You can find here a good example for P&L and prioritization:

https://www.preplounge.com/en/management-consulting-cases/interviewer-led-mckinsey-style/advanced/espresso-whatelse-192

Best,
Luca

Clara
Coach
on Feb 28, 2021
McKinsey | Awarded professor at Master in Management @ IE | MBA at MIT |+180 students coached | Integrated FIT Guide aut

Hello!

It´s totally impossible to answer this question "in a generic way". It would be, 100%, the wrong answer. 

It totally depends on the case, the industry, the business model in particular... and the key to solve that case would be precisely to ask the right questions and problem-solve with the interviewer to find the key hints. 

Hope it helps!

Cheers, 

Clara

Deleted
Coach
on Feb 28, 2021
Experienced consultant on executive level

In general, every Dollar / Euro / Yen saved on the side of costs, influences for 100% the profitability. Every additional USD/EUR/Yen earned (increased income) only for a share of it.

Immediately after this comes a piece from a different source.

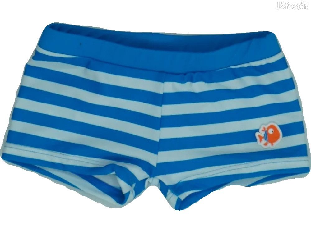 Fiú rövid szárú fürdősort; kék-fehér csíkos, elöl halacskás cimkével
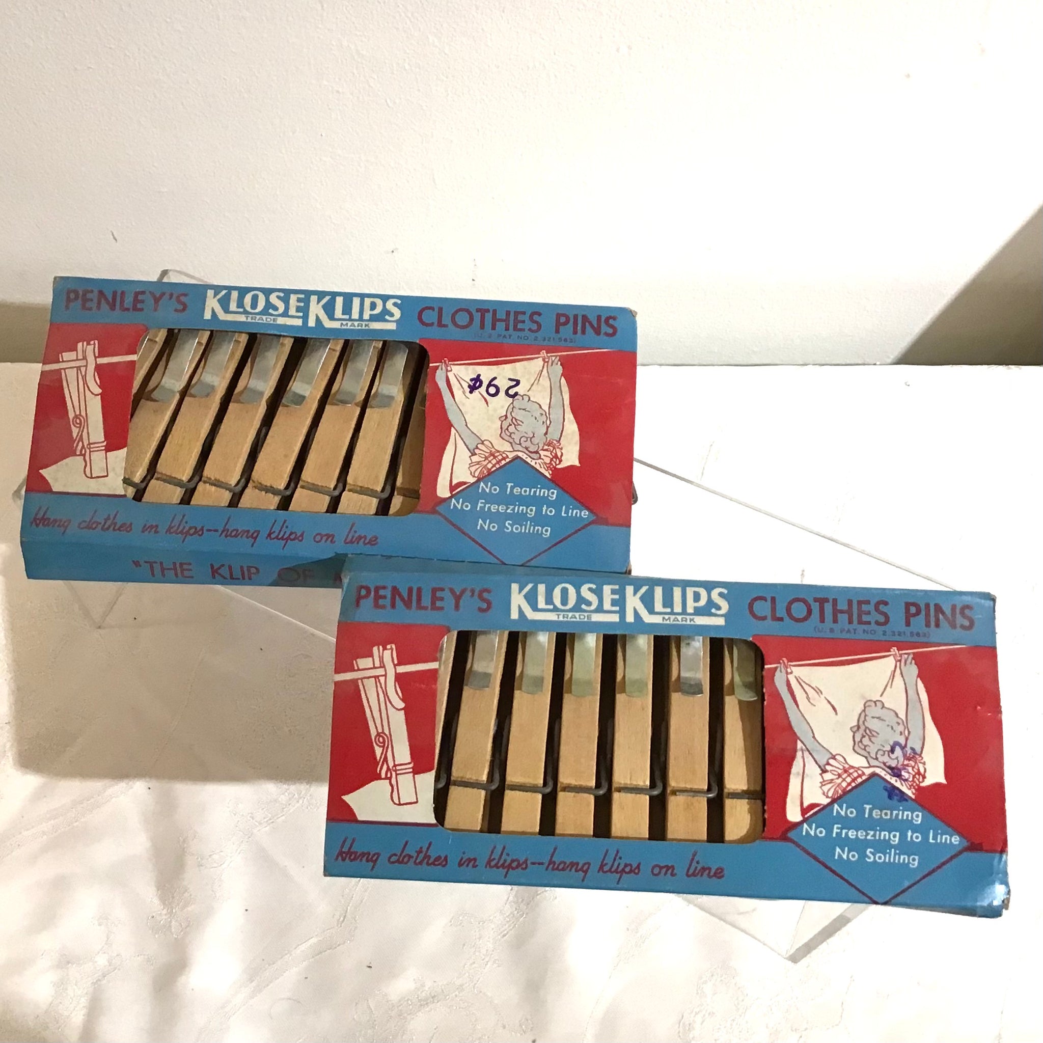 Vintage Klose Klips clothespins in the original packaging. Never been used. Great for display in your retro laundry room.

Maybe, this is not what your client really wants. Often enough, the clients approach you with an issue and in further discussions and conversations you find out, this is not the underlying problem. Maybe you just talk again to your customer whether he has a particular topic or issue to be resolved under the coverage of profitability improvements.

on Feb 28, 2021
#1 Coach for Sessions (4.500+) | 1.500+ 5-Star Reviews | Proven Success: ➡ interviewoffers.com | Ex BCG | 10Y+ Coaching

Hi there,

Good question. There is a simple way to prioritize: benchmarking with competitors. Once done so, you can prioritize the areas where the gap with the competitors is bigger.

Best,

Francesco

Gaurav
Coach
on Feb 28, 2021
#1 MBB Coach(Placed 750+ in MBBs & 1250+ in Tier2)| The Only 360° coach(Ex-McKinsey+Certified Coach+Active recruiter)

Hi there, 

The answer depends on the industry, company, product, and competitors. Any case should be solved individually. 

GB

Ken
Coach
on Feb 27, 2021
Ex-McKinsey final round interviewer | Executive Coach

It depends... typically you would be given some context which will allow you to develop a hypothesis on which one to prioritse. In very general terms, they usually say that it is easier to improve profitability by cutting costs than growing revenues, especially in terms of time and feasibility. 

Deleted user
on Feb 27, 2021

Ideally both if thats possible and the construct of the case allows. But cost reduction most of the times is the first target area to remove inefficiencies from the business in products, process, support functions (finance, legal etc), supply chain & technology.

But broadly, there are other ways too to increase profits:

  • Diversify customer base/segments
  • Cross-sells, up-sell
  • M&A
7
Deleted user
on Feb 27, 2021

I don't think there is a general answer to this. If the case does not provide any context that lets you prefer one over the other, I don't think you should (or can) prefer one. Flip a coin!